I speak of "us," but as a matter of fact I'm quite solitary. I haven't seen anyone since we were herded into the large, white-tiled room that had so much the look of our common death chamber (a slight, bald man who broke down was quickly ushered out a side door-we heard one scream in the distance). There we were told to drop our valuables in a pile, ordered to strip (two nubile high school girls being obliged to disrobe, sobbing, along with the rest) and issued our harsh, gray anonymous canvas suits. Then I was led alone through a labyrinth of stairs, always descending, and corridors lit by an occasional naked bulb, to the bare stone cell with its heavy door-allowing through its tiny grill this minimum of damp light-where I still wonder how they managed to find a place so perfect a cliché of such places, even to the rusticated stone and a large iron ring clamped into the wall. Of modern improvements there is just one: at incalculable intervals the cell is filled with blinding fluorescent light, I hear a latch in the door grill open and, after a long minute close, the light is extinguished, and I'm left again in near-darkness that seems blacker than before.

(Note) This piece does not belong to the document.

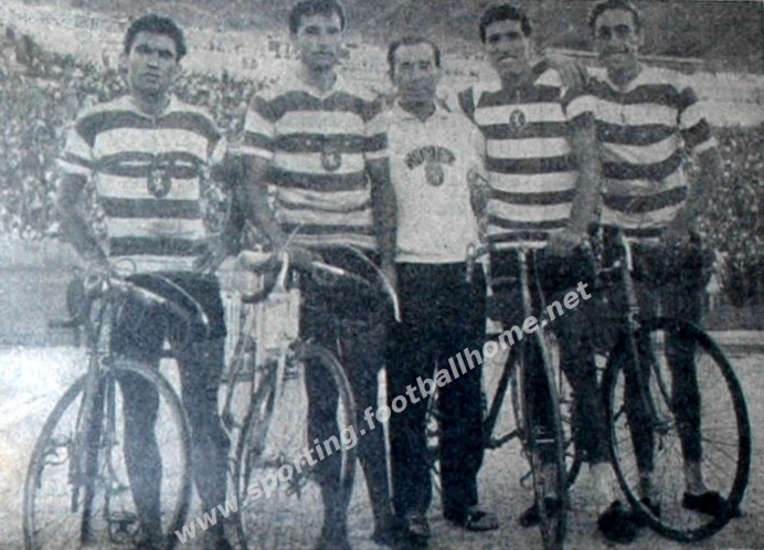 Américo Raposo, Pedro Polaindas, António Pereira, José Calquinhas e Pedro Júnior no Estádio José Alvalade no final da Volta a Portugal de 1957.
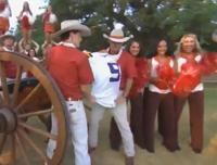 But the intro took a bit of an odd turn when the Texas Silver Spurs fired their cannon, "Smokey," through a Joe Burrow jersey and showed off the shredded threads to the camera.

I've long stopped speculating about the reasons for my being here-in fact, as soon as I recognized the situation, I knew that such speculation would be useless. At first I guessed the police wagon was bringing me, in the incidental company of a few routine suspects, to some garage where, perhaps, my car had been towed in consequence of a minor violation. Every time I asked a question the policemen, two oldish types who looked like they drank a lot of beer and were assigned to school crossings, nodded calmly, as it to reassure me regarding law and order. It was when we were handed over to the mild, businesslike men in quiet suits, and led, about eighty of us, to the open doors of a long, high trailer-truck, that I had my only moment of panic. Now merely my common sense-my body seemed on its own account to rebel against entering. But these ordinary men all about us, otherwise so bland, looked at you with expressions of such terrible implicit power that, although they never showed a weapon, not one of us dared balk.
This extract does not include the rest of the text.